- YOUR INSTRUCTIONS: From the line containing "This Nautica zip" through the last line of the data, both ends included, write out every line exactly; omit the pictures.

————————

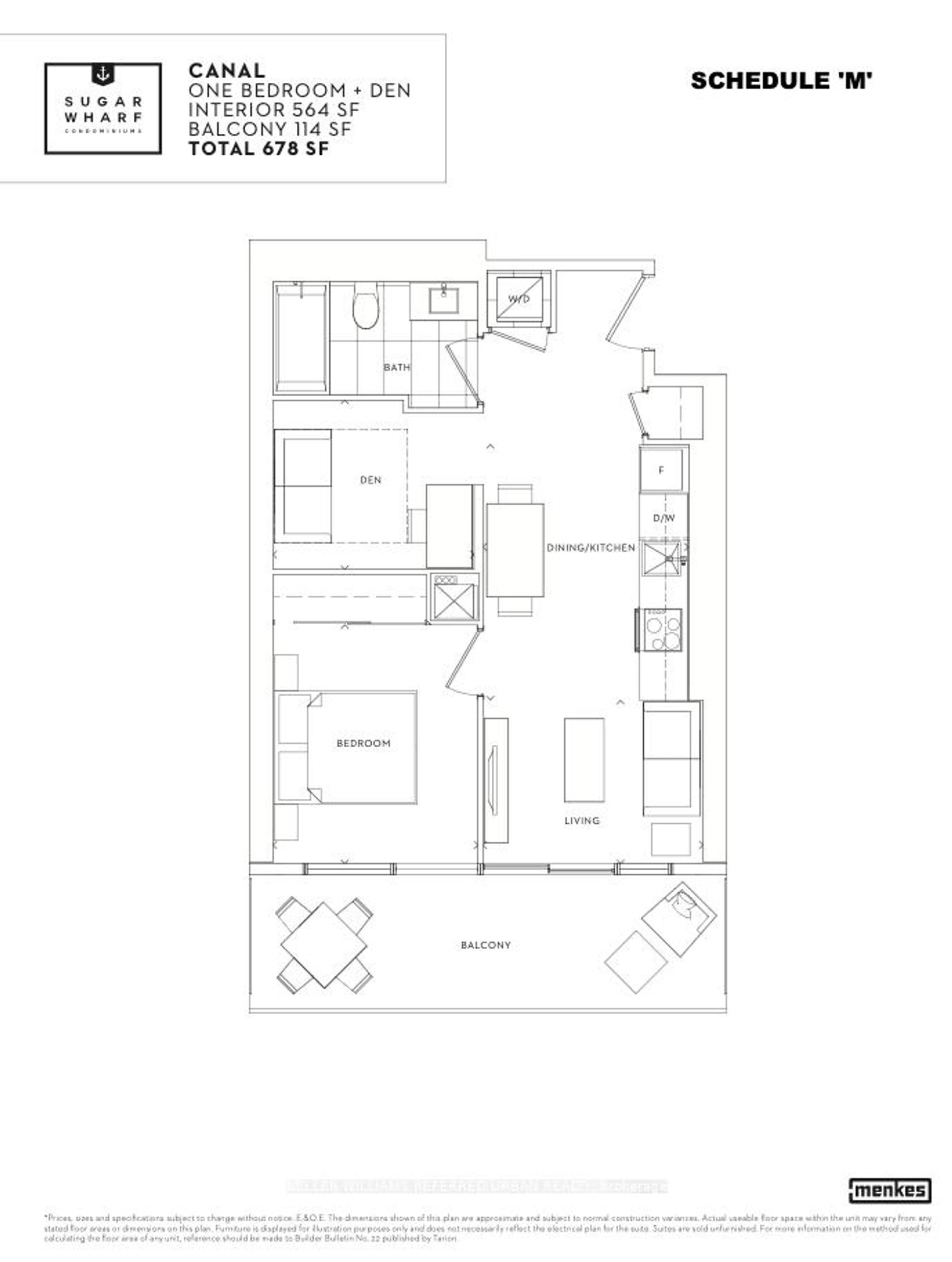 Spacious 1+Den Condo at Sugar Wharf, 138 Downes Street. This 678 sq ft suite (564 interior +114 balcony) features a functional layout with a bright living area, a den perfect for a home office or guest space, and a spacious balcony to enjoy the view. With sleek finishes, stainless steel appliances, and all the essentials for modern living, this unit offers comfort and convenience in one of downtowns most connected locations, just steps to shops, dining, transit, and more.
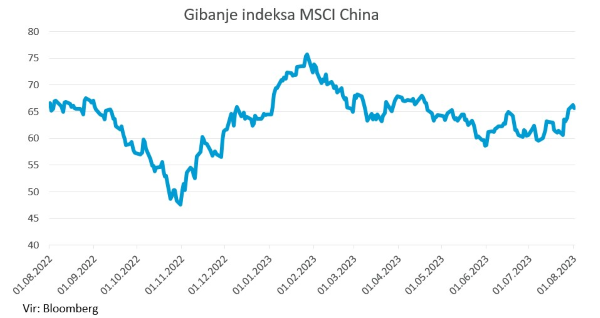 Končno so tudi kitajske delnice končale mesec optimistično, saj so se oblasti v Pekingu omehčale in pokazale odločnost, da podprejo gospodarstvo, ki je v zadnjih mesecih izgubljalo na moči. Najavo uvedb novih spodbujevalnih shem za krepitev domače potrošnje in podporo nepremičninskemu sektorju v preostanku letošnjega leta so vlagatelji, ki so bili v preteklosti že večkrat razočarani zaradi pomanjkljive podpore gospodarstvu, pozdravili s kar 7,7-odstotno mesečno rastjo kitajskega delniškega indeksa MSCI China. Zagotovo je gospodarsko okrevanje Kitajske še vedno zaskrbljujoče in treba bo še videti, kako hitro in kolikšen učinek bodo imeli najnovejši ukrepi, vendar je trenutno najpomembneje, da regulatorji vrnejo optimizem in povečajo zaupanje na trgu. V preteklosti je Kitajska večkrat izkoristila globalizacijo sebi v prid, zadnji podatki pa kažejo, da svetovno gospodarstvo ne podpira več dinamike kitajske domače rasti. Kitajski izvoz se je v juniju zmanjšal za 12,4 %, uvoz pa za 6,8 %, torej veliko več od 10-odstotnega upada izvoza in 4,1-odstotnega zmanjšanja uvoza, ki so ju predvidevale napovedi. Prav tako je objava kitajskega statističnega urada sredi julija pokazala, da je gospodarstvo v drugem četrtletju zraslo za 6,3 %, kar je manj od pričakovanja trga po 7,3-odstotni rasti. Medli podatki so posledica nižje rasti povpraševanja v Evropi in drugje po svetu in tudi v bližnji prihodnosti bo rast verjetno zadržana, saj se bo svetovno gospodarstvo še nekaj časa spopadalo s posledicami najbolj agresivnega vala zvišanj obrestnih mer centralnih bank.
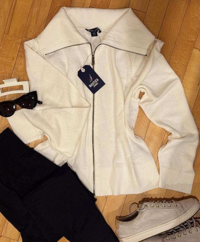This Nautica zip cardigan is stylish, comfortable, and perfect for layering. The ivory color looks elegant and goes well with everything — jeans, skirts, or trousers. The material feels soft and slightly stretchy, giving a flattering fit without being too tight. The zipper works smoothly, and the quality feels durable and well-made. It’s warm enough for cool weather but still lightweight. I also love the structured collar — it adds a polished look. Great piece for both casual and more dressed-up outfits!
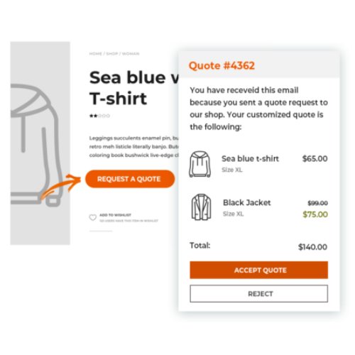 Show an “Ask for a quote” button on the cart page to allow customers to convert their cart content into a quote request. The button will open a modal window with the same form shown on the request a quote page
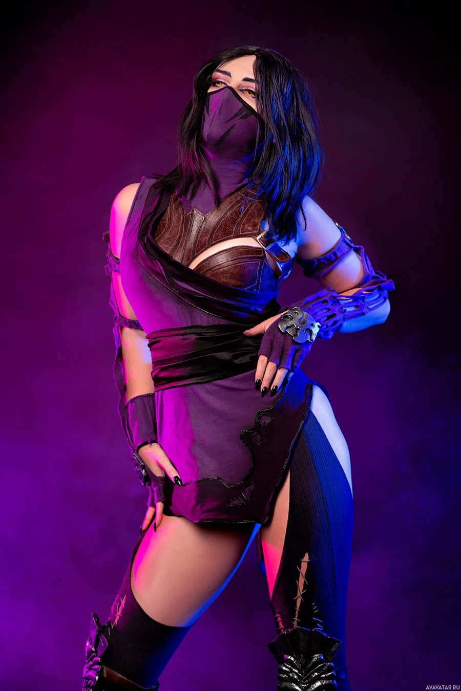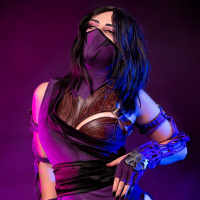 Mortal Kombat" franchise. The individual is wearing a costume that mimics Mileena's attire from the game, which includes a black and purple bodysuit with a corset-like top and torn stockings, along with arm wraps and

————————

- TASK RESULT:
This Nautica zip cardigan is stylish, comfortable, and perfect for layering. The ivory color looks elegant and goes well with everything — jeans, skirts, or trousers. The material feels soft and slightly stretchy, giving a flattering fit without being too tight. The zipper works smoothly, and the quality feels durable and well-made. It’s warm enough for cool weather but still lightweight. I also love the structured collar — it adds a polished look. Great piece for both casual and more dressed-up outfits!
 Show an “Ask for a quote” button on the cart page to allow customers to convert their cart content into a quote request. The button will open a modal window with the same form shown on the request a quote page
 Mortal Kombat" franchise. The individual is wearing a costume that mimics Mileena's attire from the game, which includes a black and purple bodysuit with a corset-like top and torn stockings, along with arm wraps and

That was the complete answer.